Your task – Your copy of the data should match it exactly, leaving out only the pictures.

Data extract –
>>>>

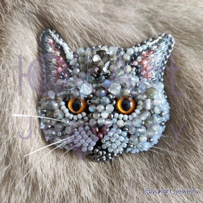 Брошка создавалась на день рождения любимой бабушки под кодовым названием "моя красота" - именно так бабуля называет бандитскую морду на фото справа)
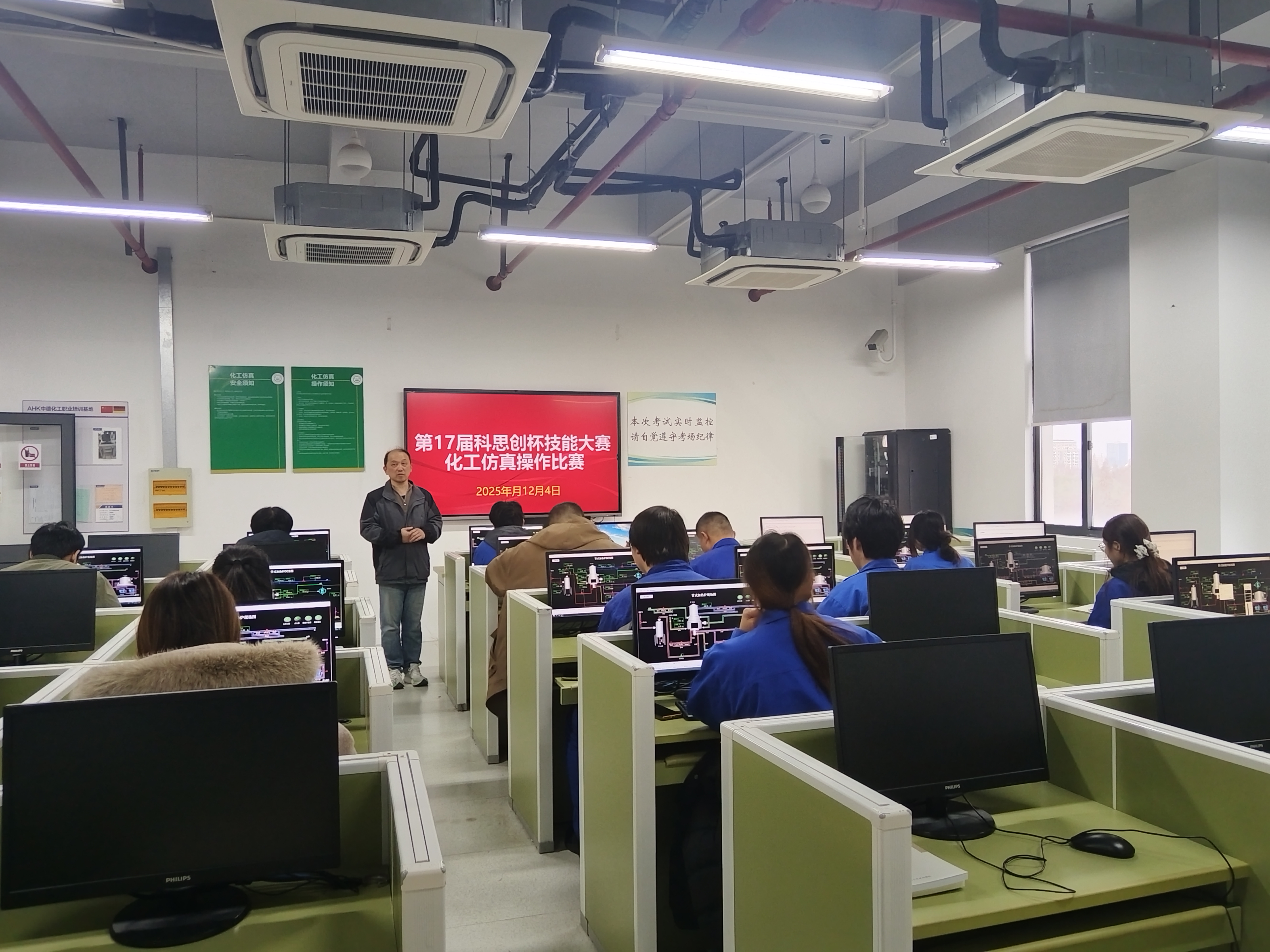 12月4日下午,第十七届“科思创杯”学生职业技能竞赛化工仿真比赛在南区化工楼502仿真机房顺利收官。来自相关专业的70多名参赛学子齐聚赛场,在虚拟化工世界中展开了一场精准与速度的比拼。
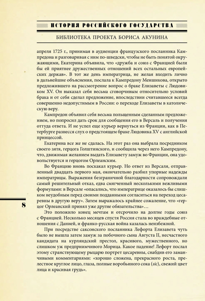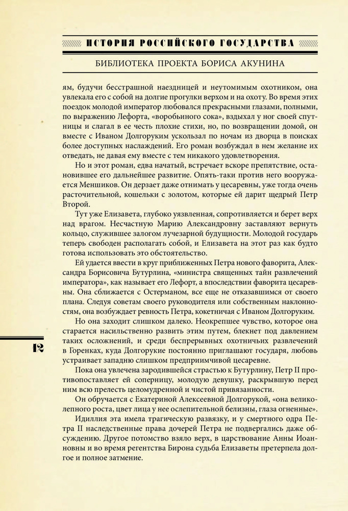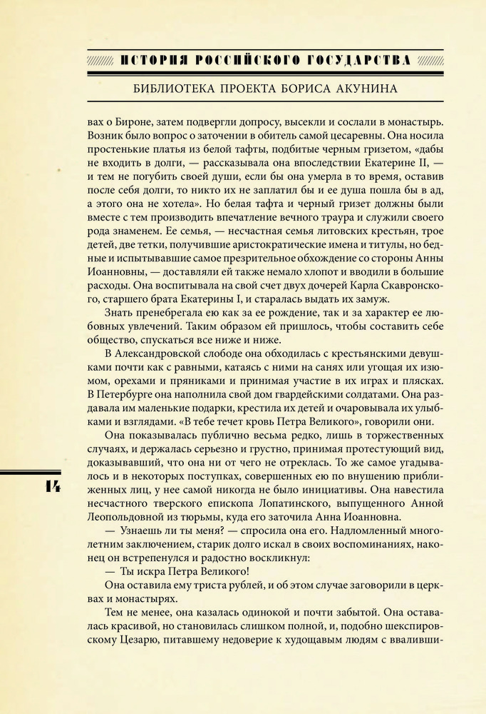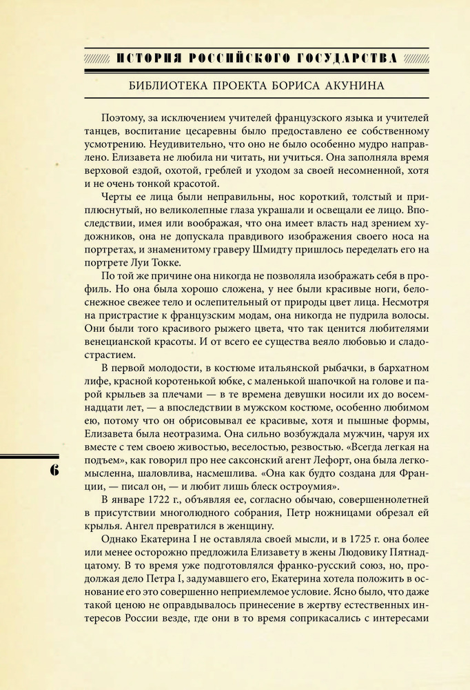 В данный момент этот товар отсутствует в продаже. Возможно, у нас найдется аналогичный или похожий товар здесь. Серия: Библиотека проекта Бориса Акунина «История Российского государства» Библиотека проекта «История Российского государства» — это рекомендованные Борисом Акуниным лучшие памятники исторической литературы, в которых отражена биография нашей страны от самых ее истоков. Елизавета I Петровна — блистательная всероссийская императрица, младшая, любимая дочь Петра Великого, продолжившая его политический курс. Период ее правления считается самым благополучным в истории страны. Громкие победы русского оружия заставили говорить о Елизавете как о «вершительнице европейских судеб» и вернули России утерянный после смерти Петра I статус великой державы. |

<<<<

Solution –
 Брошка создавалась на день рождения любимой бабушки под кодовым названием "моя красота" - именно так бабуля называет бандитскую морду на фото справа)
 12月4日下午,第十七届“科思创杯”学生职业技能竞赛化工仿真比赛在南区化工楼502仿真机房顺利收官。来自相关专业的70多名参赛学子齐聚赛场,在虚拟化工世界中展开了一场精准与速度的比拼。
 В данный момент этот товар отсутствует в продаже. Возможно, у нас найдется аналогичный или похожий товар здесь. Серия: Библиотека проекта Бориса Акунина «История Российского государства» Библиотека проекта «История Российского государства» — это рекомендованные Борисом Акуниным лучшие памятники исторической литературы, в которых отражена биография нашей страны от самых ее истоков. Елизавета I Петровна — блистательная всероссийская императрица, младшая, любимая дочь Петра Великого, продолжившая его политический курс. Период ее правления считается самым благополучным в истории страны. Громкие победы русского оружия заставили говорить о Елизавете как о «вершительнице европейских судеб» и вернули России утерянный после смерти Петра I статус великой державы. |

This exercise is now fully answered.